Following a group of debt-addled individuals who volunteer to play a series of games with deadly consequences, Netflix’s Squid Game is a satisfying combination of inventive world-building, spellbinding set design and emotional intrigue. It’s easy to gobble up all nine episodes — so here are eight films and TV shows that share the South Korean drama’s affinity for risky gameplay.
Before Squid Game, there was this exciting Japanese series, which follows several friends living in a parallel version of Tokyo where every move determines their survival. Featuring lethal versions of tag and hide-and-seek, this is maybe the closest you’ll get to the real thing.
A cult classic, Battle Royale focuses on middle school students who are whisked off to a remote island and instructed to kill each other until only one remains. As emotionally-investing as it is violently thrilling, this Kinji Fukasaku flick isn’t admired by Quentin Tarantino for nothing.
Feelings of anxiety peak in these Black Mirror installments, both of which center on individuals being pursued for reasons unknown, forced to perform strange tasks and endure unexplained bouts of torture as they try to uncover the nefarious reasons they’ve been chosen as targets.
Rather than victimize the helpless, David Fincher’s The Game flips its class critique by turning its sights onto a wealthy businessman (Michael Douglas), whose easy but unfulfilling life is upended when he signs on for a mysterious game where he is no longer the one calling the shots.

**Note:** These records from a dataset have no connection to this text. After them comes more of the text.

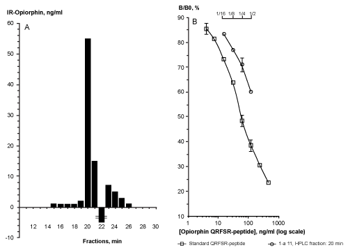 | Figure 1: Analyses of human plasma by RP-HPLC and ELISA-Opiorphin. A. HPLC chromatography in tandem with ELISA-opiorphin detection of individual plasma extract. The plasma sample was extracted using a C18 solid-phase extraction procedure before loading onto a C18-ACE-HPLC column. After lyophilization each 1 min fraction was analyzed by ELISA-Opiorphin and the results expressed as concentration of immunoreactive (IR) opiorphin in ng/ml (Y axis) by HPLCfraction in min (X axis). B. Analysis of individual purified plasma sample using ELISA-Opiorphin method. Standard curve (open squares) relating QRFSR-peptide concentration in ng/ml (log scale, X axis) to the percentage of binding in the presence (B) of standard peptide / binding in the absence (B0) of the standard peptide (linear scale, Y axis). Sample curve (open circles) relating serially diluted (2-fold) individual purified plasma sample to B/B0, % response. Note that there is a parallel between the dose-response standard curve and the serial dilutions of the sample. Each point represents the mean ± SD of duplicates. |
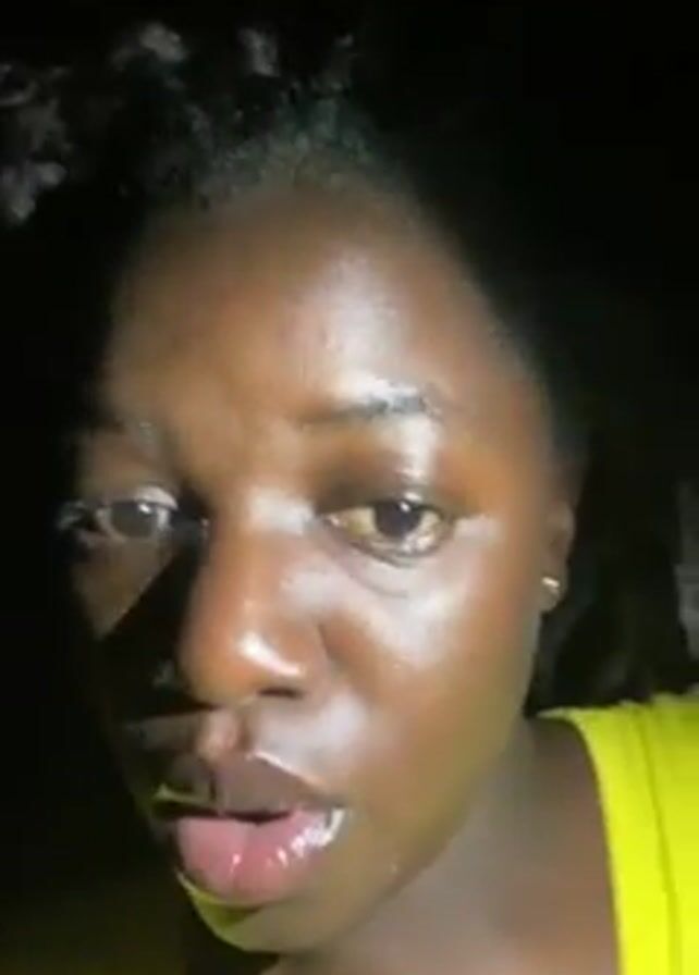 A close-up video shows a woman with dark skin and dark hair, wearing a bright yellow t-shirt
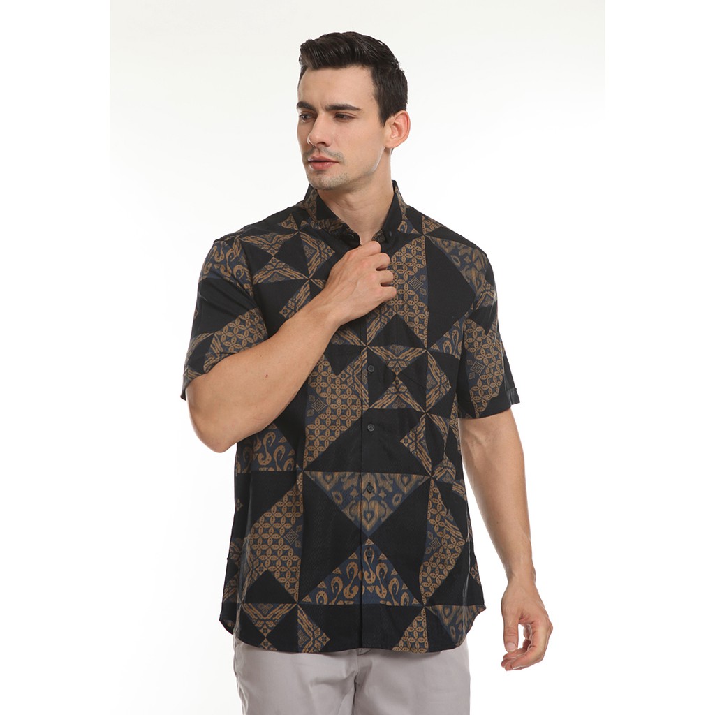 Pusat Grosir Pakaian di Kabupaten Sumba Timur Manzone Kemeja Batik Pria Lengan Pendek Comfort Fit Pranjataka-black dari Manzone Kota Jakarta Selatan
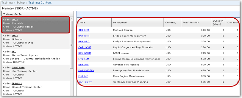 This feature enables you to define the courses that are offered by a Training Center. The training courses will then be available for selection under a particular Training Center when proposing training for crew members.
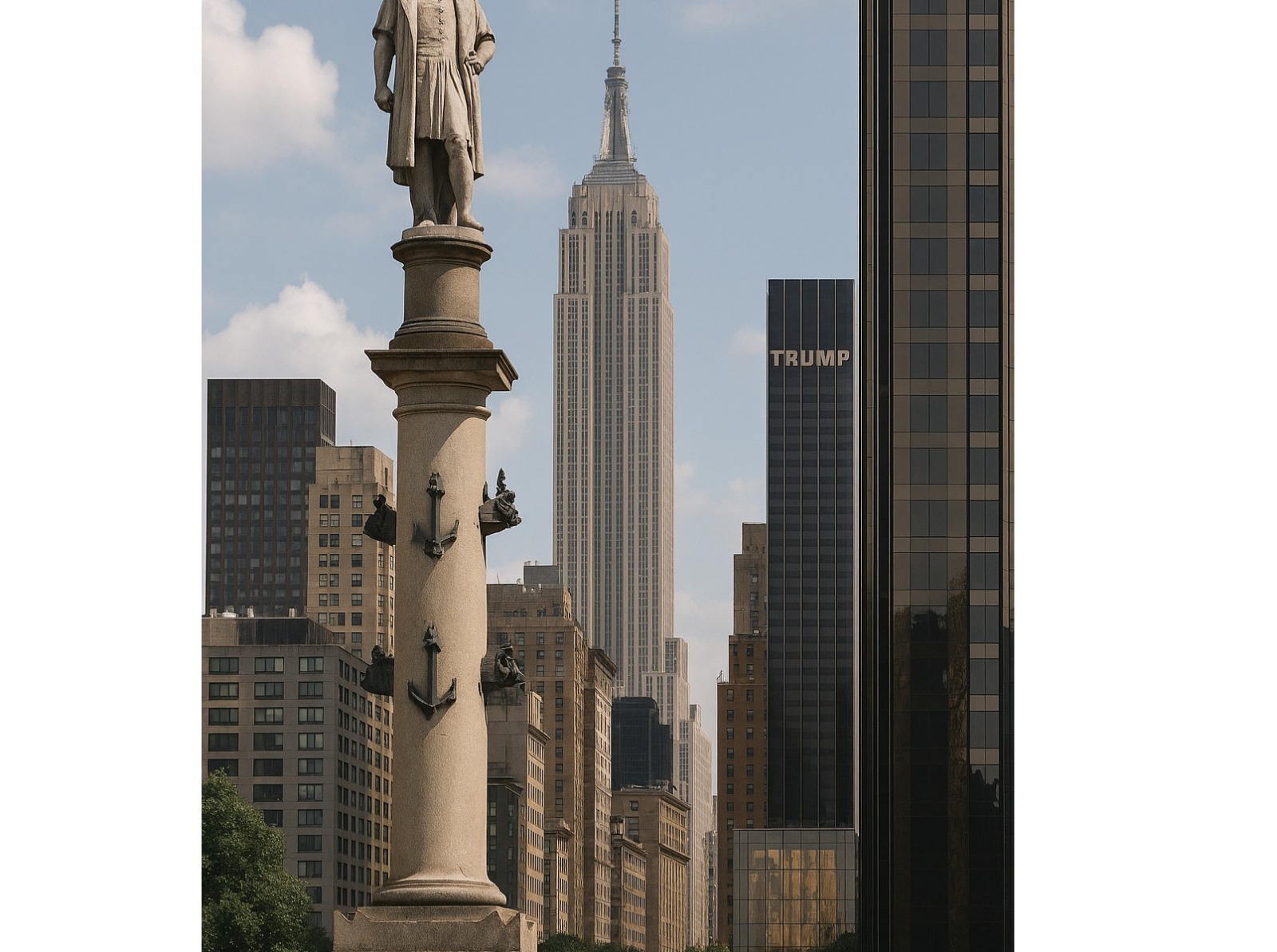 На Колумбус-Сёркл стоит фигура, которую две недели охраняла полиция. Не бронзу — память. Нью-Йорк умеет спорить о своих символах, но ещё лучше умеет их защищать. Колумб здесь не герой и не злодей — он точка входа. Как гавань. Как дверь. Как первый шаг, который потом превращается в город.
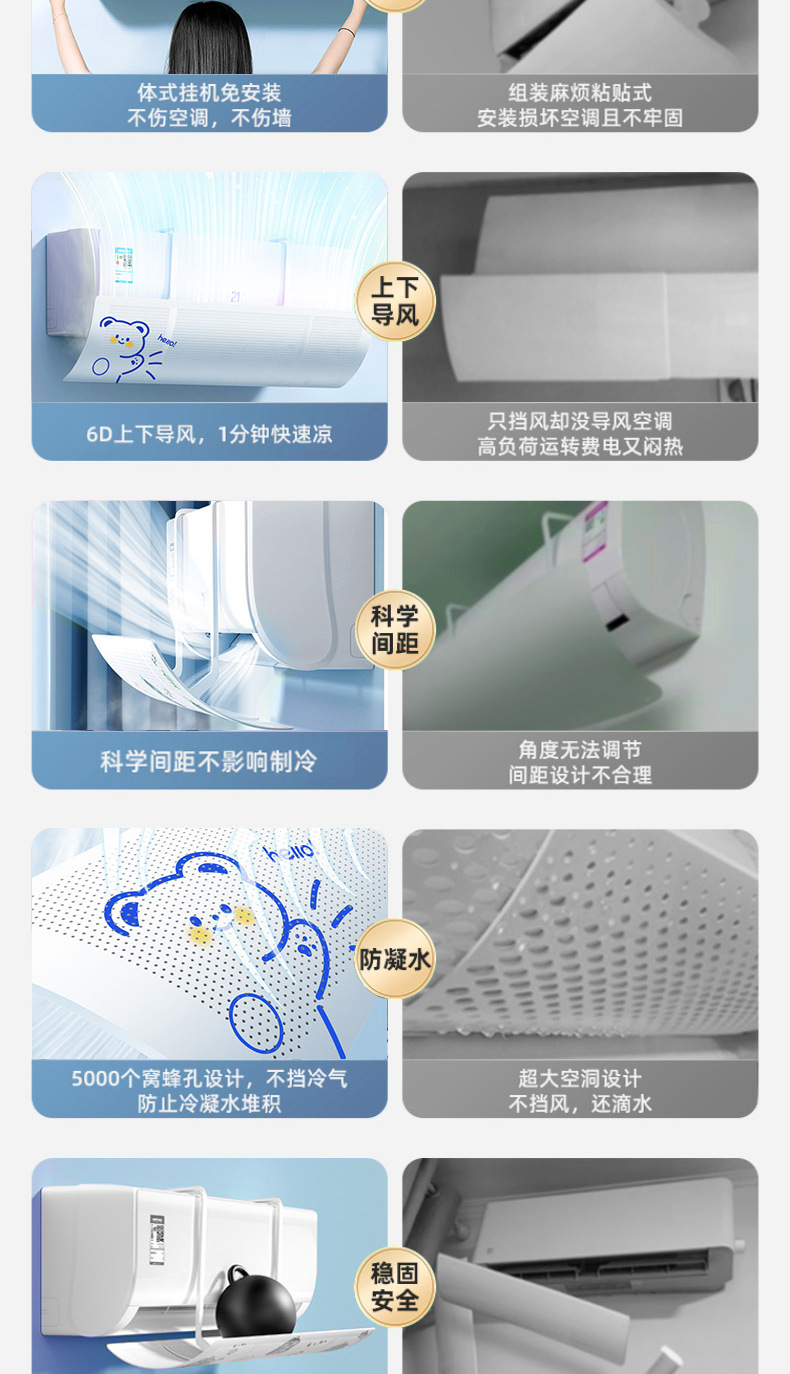 空调挡风板壁挂式可调节婴幼儿月子防直吹导风板免安装遮风板通用
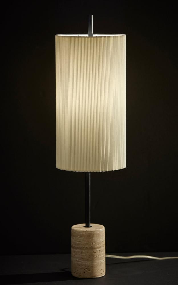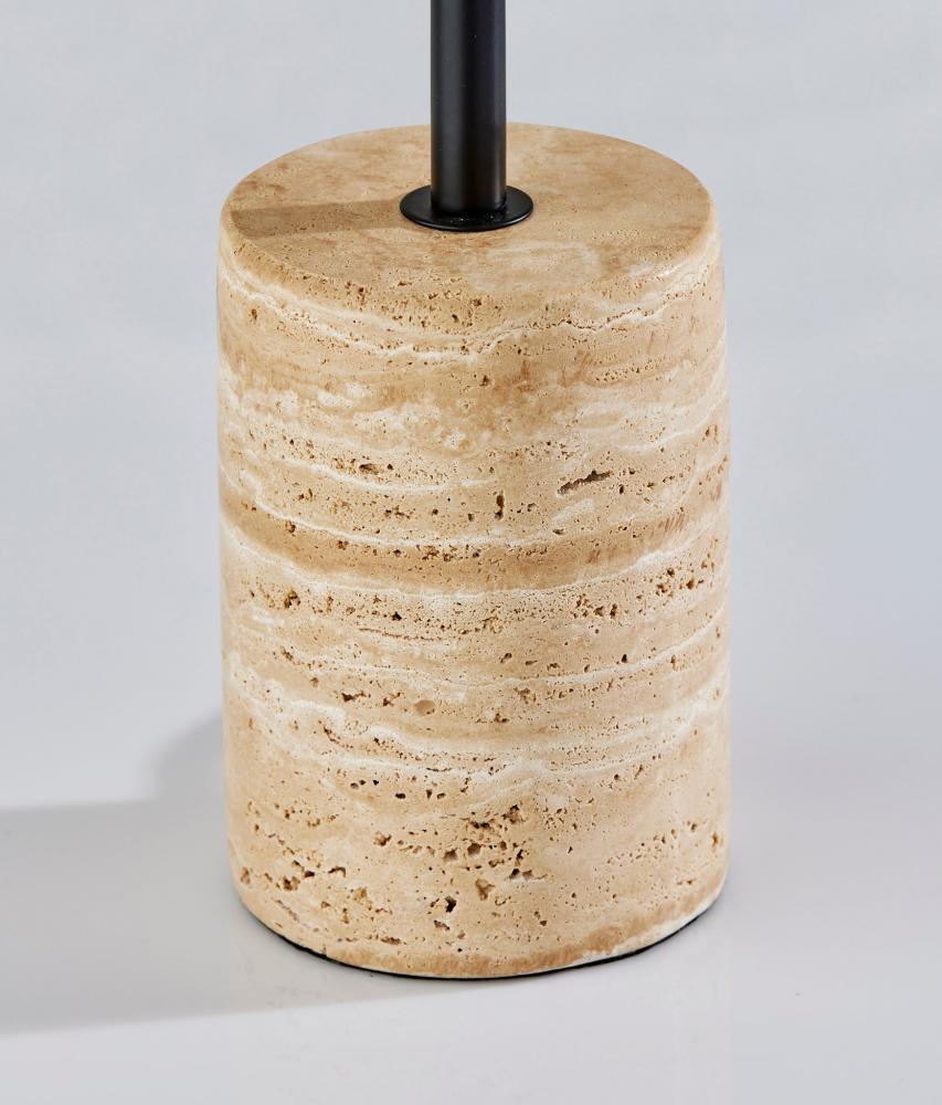Substantial Stone Base: Supported by a chunky travertine stone base, the lamp stands with presence, adding visual weight and stability to your living space.
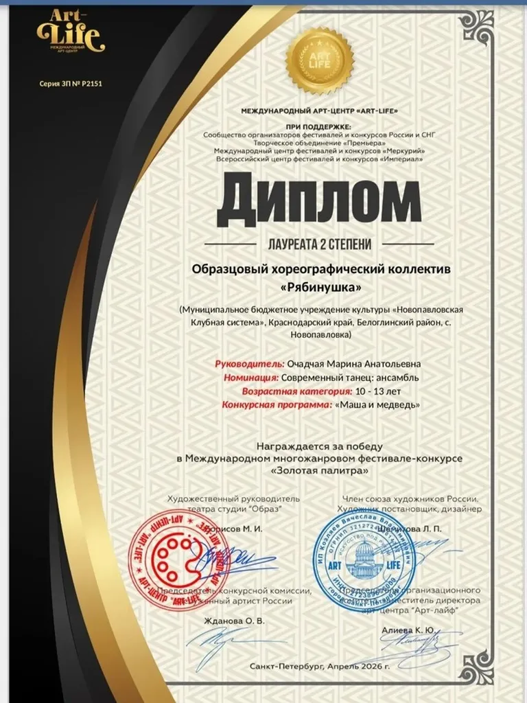 Их озорной танец "Маша и Медведь" награждён Диплом Лауреата 2 степени на Международном многожанровом фестивале-конкурсе «Золотая палитра»!
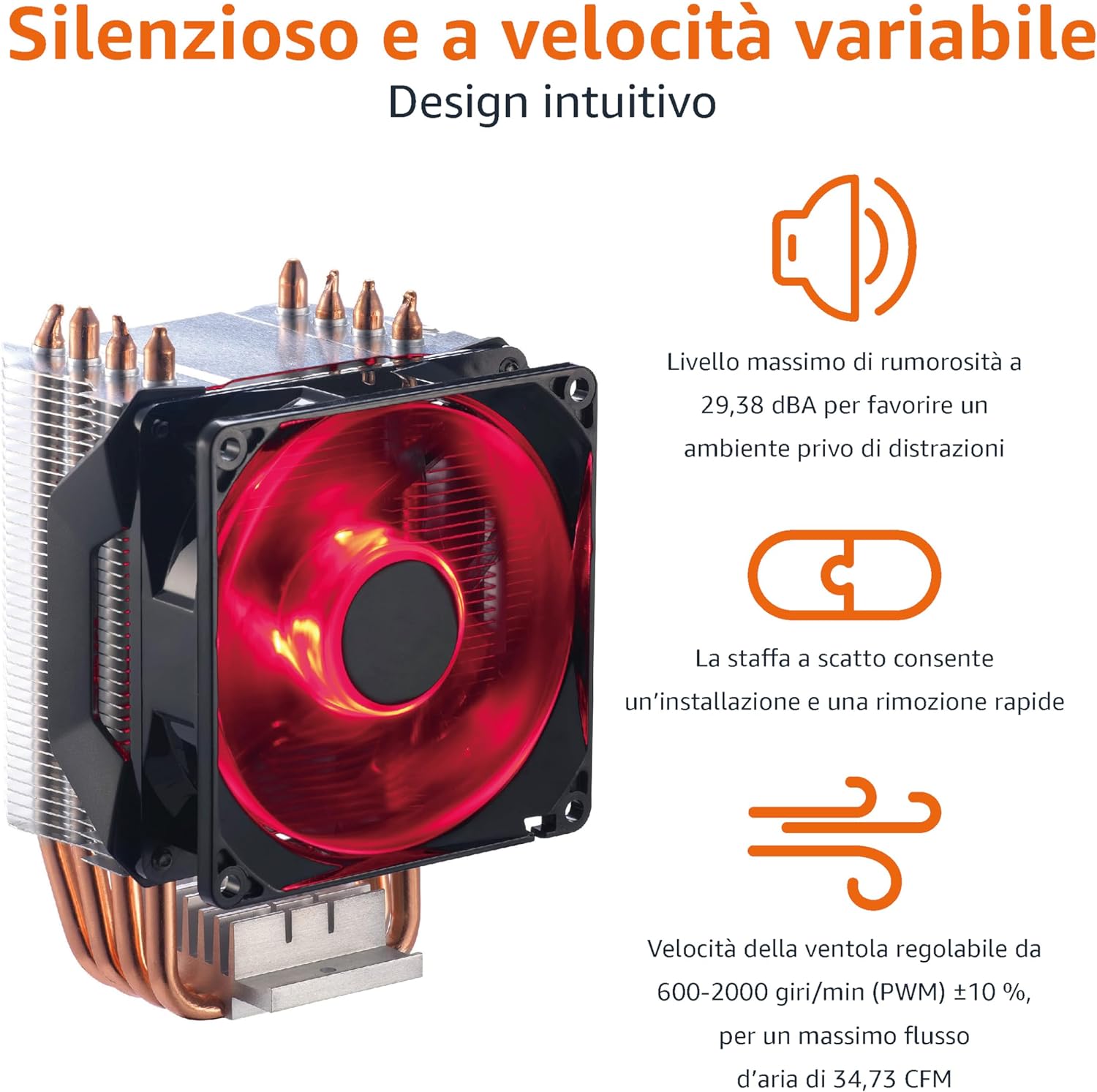 Ventola di raffreddamento della CPU con tecnologia Cooler Master; dimensioni compatte ideali per sistemi con fattore di forma ridotto
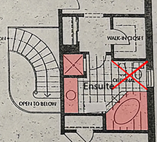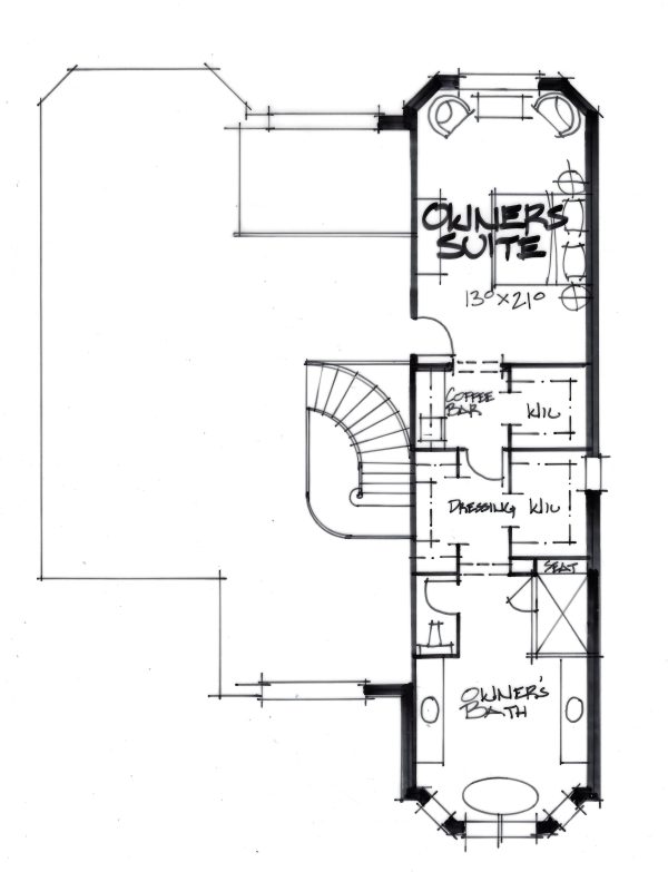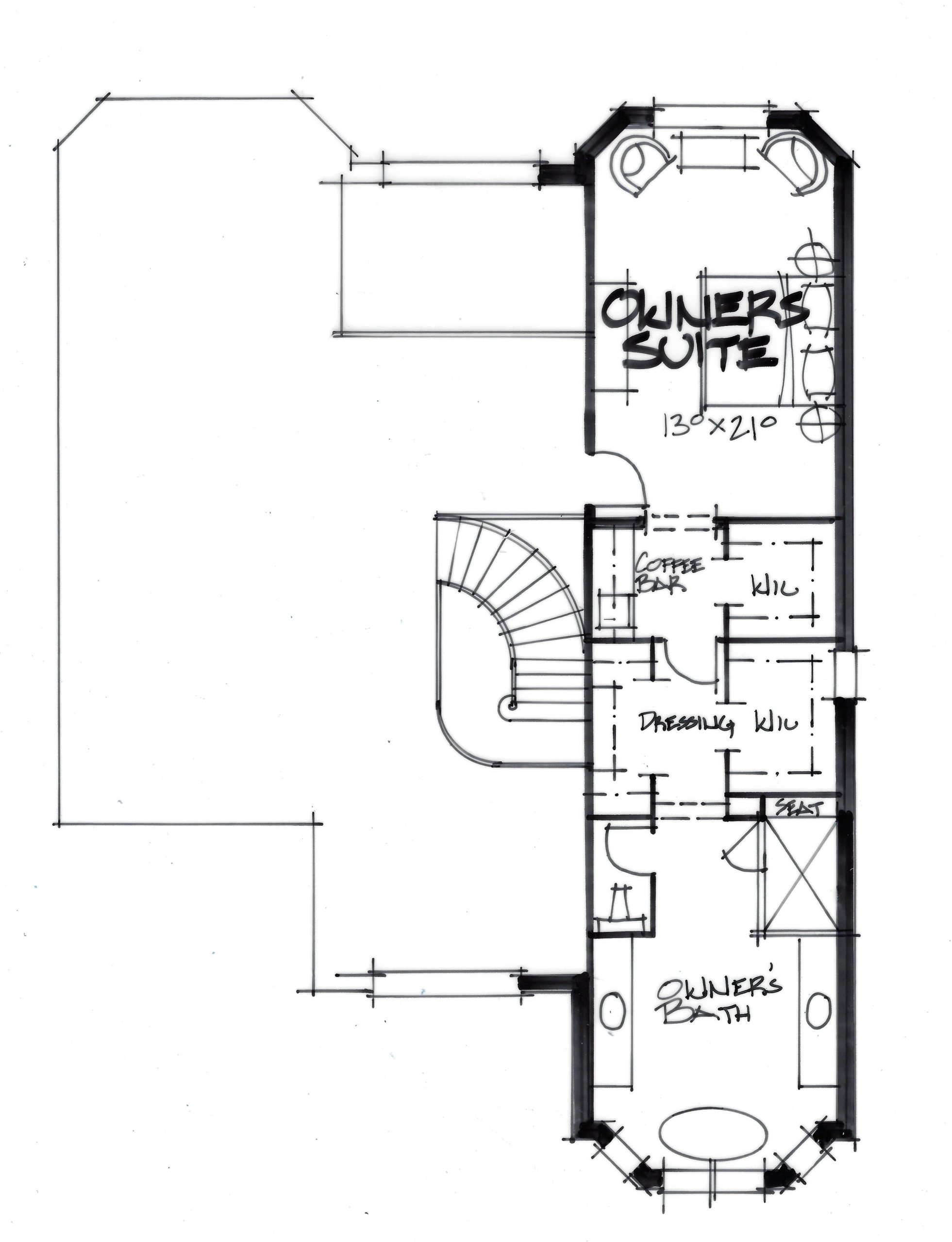 While the primary bedroom is adequately sized, adding a few more feet wouldn’t hurt. However, the bath and the closet are not big enough. Only square footage can fix this problem. And since bedroom two doesn’t work well as a bedroom because of the naked run – I would use it to fix both! Our proposed fix adds three large walk in closets: his, hers and off-season clothes. Just for fun, how about a coffee bar? The bathroom would take advantage of the front bay window and now has his and her vanities, a private toilet room, a large shower, and the free standing tub.

Perhaps the most lucrative addition to the genre, the $3 billion Hunger Games franchise helped launch the now Oscar-winning career of Jennifer Lawrence and got fans of all ages invested in a dystopian story about lottery-selected children fighting each other in a televised death match.
Emma Stone and Jonah Hill play down-on-their-luck drug trial participants in this mind-bending trip of a miniseries, which explores themes of displacement and desperation. Stone’s character puts it best when she describes this Cary Fukanaga effort as “multi-reality brain magic shit.”
In a small Texas town where prospects are minimal, the only chance for escape is winning the titular high-stakes game, where high school seniors are pushed to perform a series of increasingly dangerous tasks. Based on Lauren Oliver’s novel, this YA drama is a gripping bone-chiller.
What starts as a “young adult Lost” soon reveals itself to be something far more sinister in this underrated Lord of the Flies-inspired mystery, where a group of very different teenage girls are forced to fend for themselves on a deserted island. But are they really even stranded?